Performance Considerations for Parallel Partition-Wise Joins

The optimizer weighs the advantages and disadvantages when deciding whether to use partition-wise joins based on the following:

In range partitioning where partition sizes differ, data skew increases response time; some parallel execution servers take longer than others to finish their joins. Oracle recommends the use of hash partitioning and subpartitioning to enable partition-wise joins because hash partitioning, if the number of partitions is a power of two, limits the risk of skew. Ideally, the hash partitioning key is unique to minimize the risk of skew.
The number of partitions used for partition-wise joins should, if possible, be a multiple of the number of query servers.
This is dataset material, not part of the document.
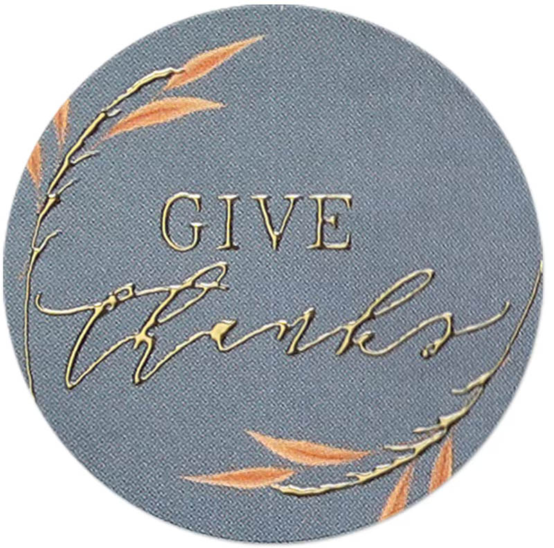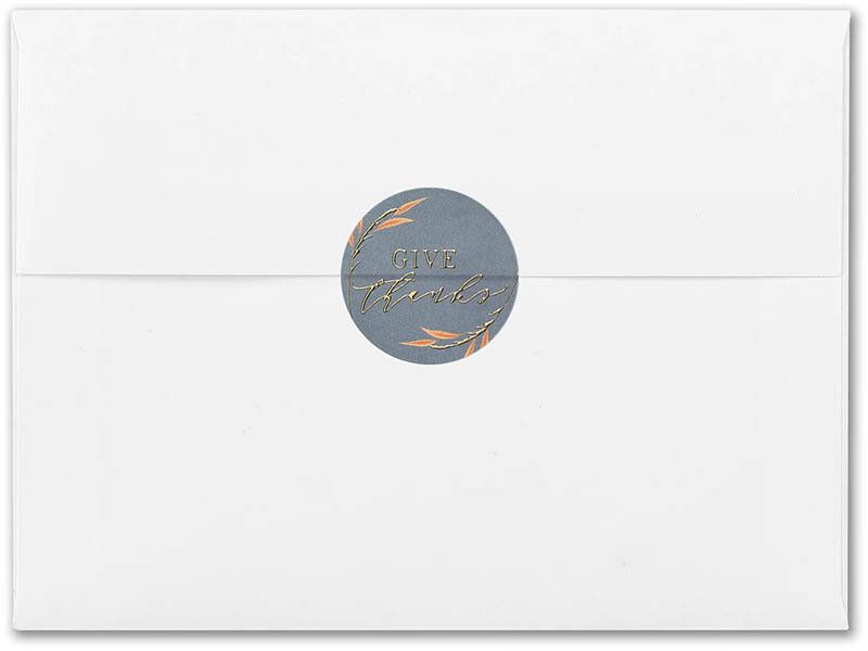 A beautiful celebration of autumn, these envelope seals feature a rich and inviting color scheme that captures the spirit of the season. "Give thanks" shines in enhanced raised foil against a warm autumn-blue background.

With a degree of parallelism of 16, for example, you can have 16, 32, or even 64 partitions. If there is an odd number of partitions, then some parallel execution servers are used less than others. For example, if there are 17 evenly distributed partition pairs, only one pair works on the last join, while the other pair has to wait. This is because, in the beginning of the execution, each parallel execution server works on a different partition pair. After this first phase, only one pair remains. Thus, a single parallel execution server joins this remaining pair while all other parallel execution servers are idle.

In some situations, parallel joins can cause remote I/O operations. For example, on Oracle Real Application Clusters environments running on MPP configurations, if a pair of matching partitions is not collocated on the same node, a partition-wise join requires extra internode communication due to remote I/O. This is because Oracle Database must transfer at least one partition to the node where the join is performed. In this case, it is better to explicitly redistribute the data than to use a partition-wise join.